## EXERCISE
Copied exactly and without pictures, the lines from the beginning of the entries through the one that holds "人文学院2025党支部于20" should form the entire reply.

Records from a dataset
* * * *

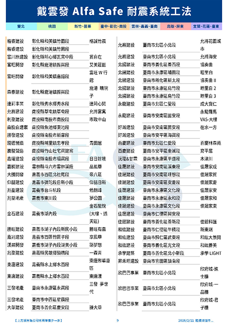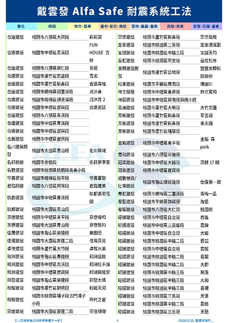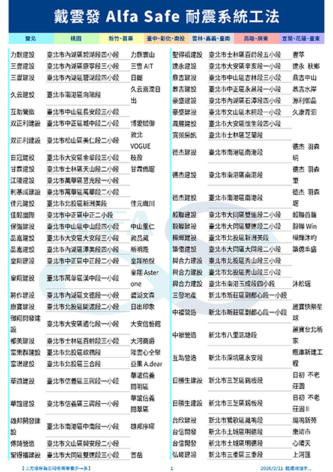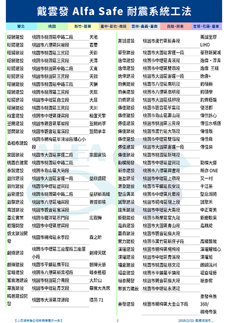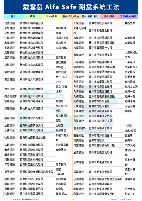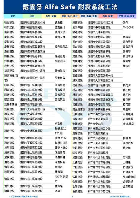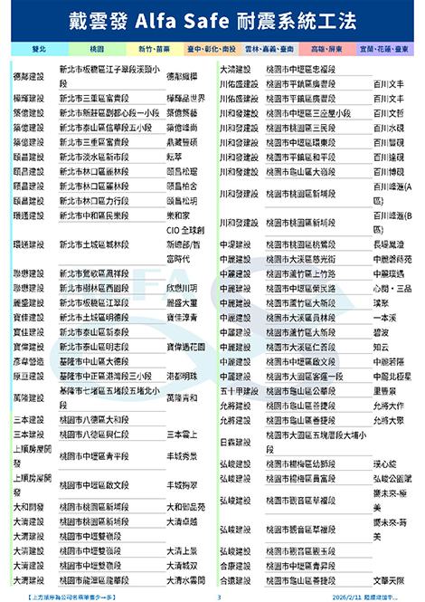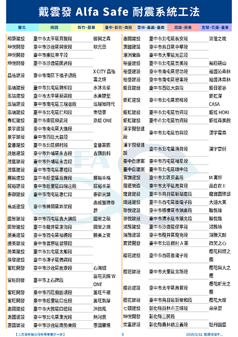 全台採用「Alfa Safe耐震系統工法」建案列表
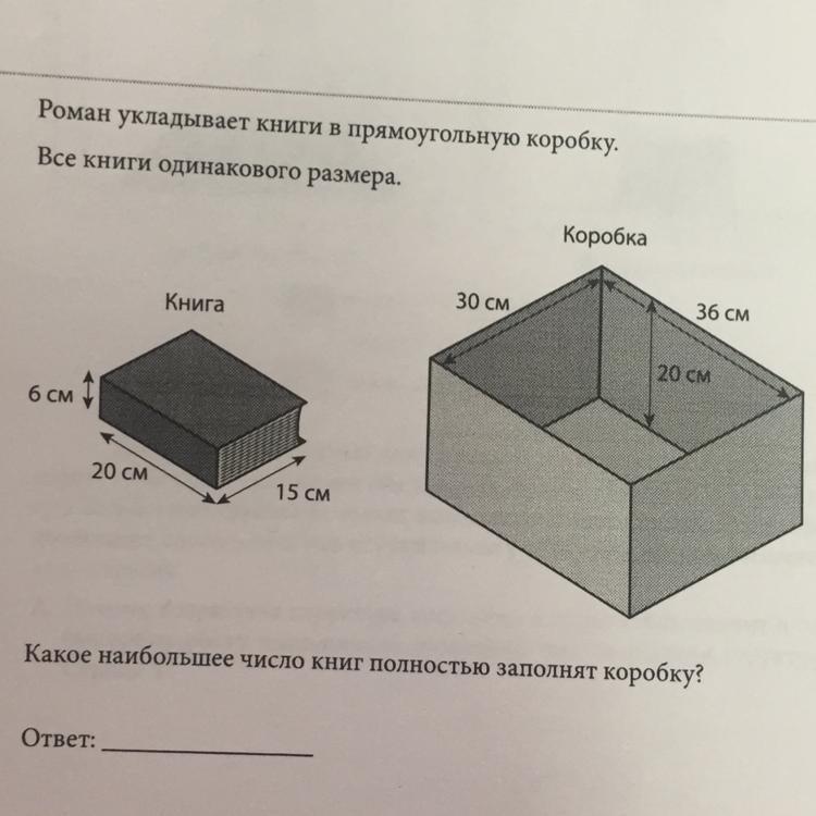 Роман укладывает книги в прямоугольную коробку. Все книги одинакового размера. Какое наибольшее число книг полностью заполнят коробку?
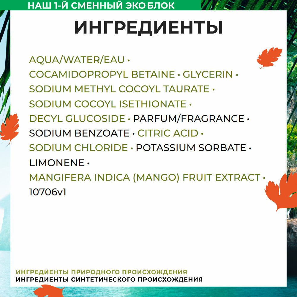 | Особенности | биоразлагаемый / не тестируется на животных / перерабатываемая упаковка / подходит для ежедневного применения / упаковка из переработанных материалов |
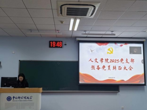 人文学院2025党支部于2026年1月27日于雁栖湖校区教一楼125召开党日活动暨党员转正支部大会。会议内容主要是理论学习和党员发展,支部全体党员参加会议,党支部书记谢梦珍主持会议。
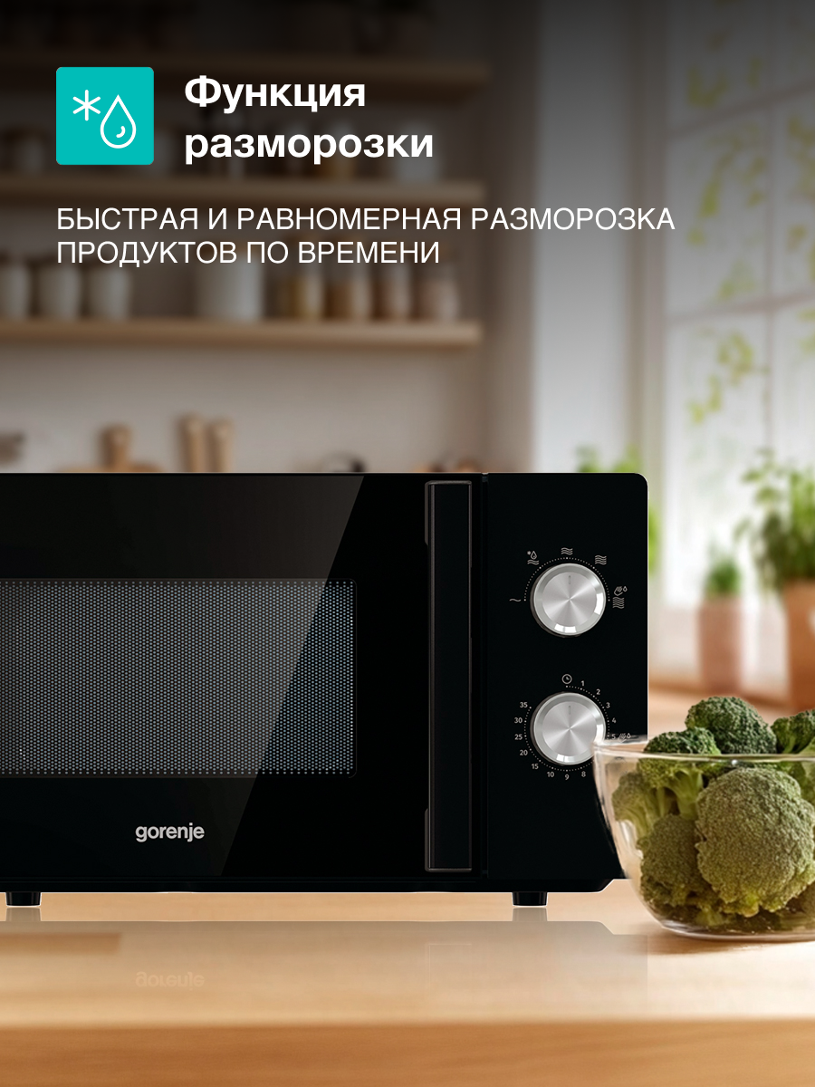 Микроволновая печь Gorenje MO20E2BH 740249 сочетает компактные габариты 45.1×35.3×26.1 см с функциональностью. Объём камеры 20 литров оптимален для разогрева стандартных порций и посуды диаметром до 25 см. Мощность 800 Вт обеспечивает:

* * * *

## TASK ANSWER
 全台採用「Alfa Safe耐震系統工法」建案列表
 Роман укладывает книги в прямоугольную коробку. Все книги одинакового размера. Какое наибольшее число книг полностью заполнят коробку?
 | Особенности | биоразлагаемый / не тестируется на животных / перерабатываемая упаковка / подходит для ежедневного применения / упаковка из переработанных материалов |
 人文学院2025党支部于2026年1月27日于雁栖湖校区教一楼125召开党日活动暨党员转正支部大会。会议内容主要是理论学习和党员发展,支部全体党员参加会议,党支部书记谢梦珍主持会议。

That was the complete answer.